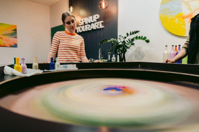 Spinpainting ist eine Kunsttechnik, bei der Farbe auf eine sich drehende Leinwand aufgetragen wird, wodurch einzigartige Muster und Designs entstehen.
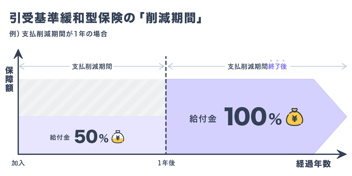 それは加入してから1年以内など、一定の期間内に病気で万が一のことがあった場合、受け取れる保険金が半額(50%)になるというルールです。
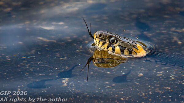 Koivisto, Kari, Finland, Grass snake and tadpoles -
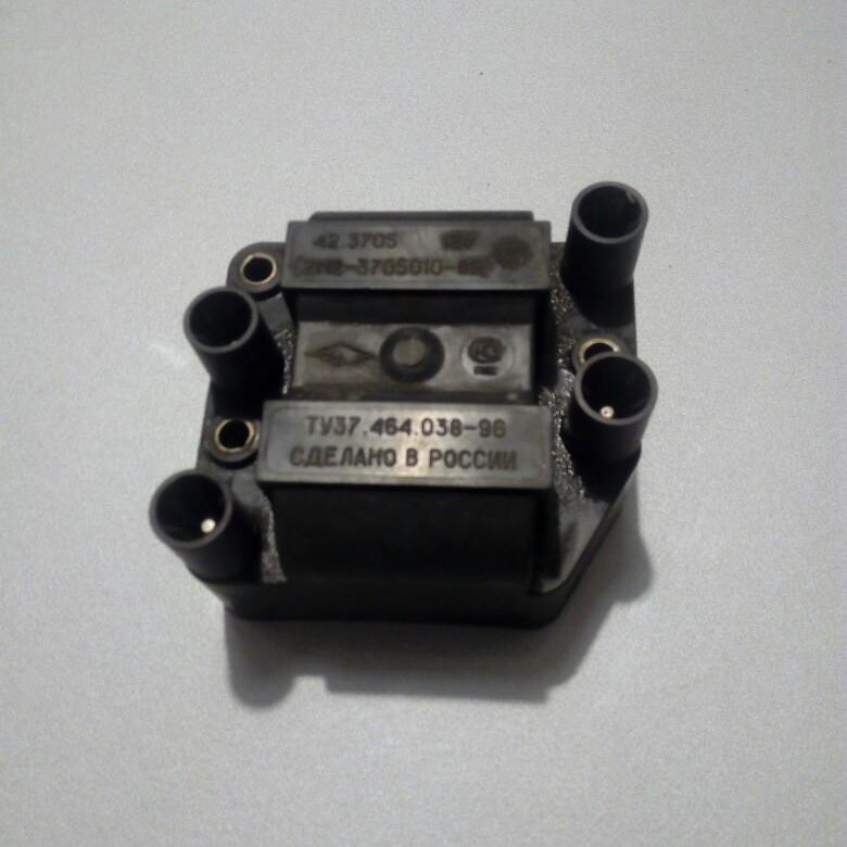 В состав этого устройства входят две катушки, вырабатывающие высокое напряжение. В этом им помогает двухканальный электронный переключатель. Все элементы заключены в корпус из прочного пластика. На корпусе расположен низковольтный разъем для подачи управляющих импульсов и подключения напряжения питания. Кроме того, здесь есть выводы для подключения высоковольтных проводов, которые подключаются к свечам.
...
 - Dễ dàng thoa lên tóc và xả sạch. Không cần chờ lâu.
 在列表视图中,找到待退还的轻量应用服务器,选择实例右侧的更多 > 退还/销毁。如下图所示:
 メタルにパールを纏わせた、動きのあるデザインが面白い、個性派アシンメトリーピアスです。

▶ **Work instructions**
In the entries above, find the line holding "- Dễ dàng thoa" and the line holding "メタルにパールを纏わせた、動", then retype exactly those two lines and every line between them, and nothing else.

▶ **Output**
 - Dễ dàng thoa lên tóc và xả sạch. Không cần chờ lâu.
 在列表视图中,找到待退还的轻量应用服务器,选择实例右侧的更多 > 退还/销毁。如下图所示:
 メタルにパールを纏わせた、動きのあるデザインが面白い、個性派アシンメトリーピアスです。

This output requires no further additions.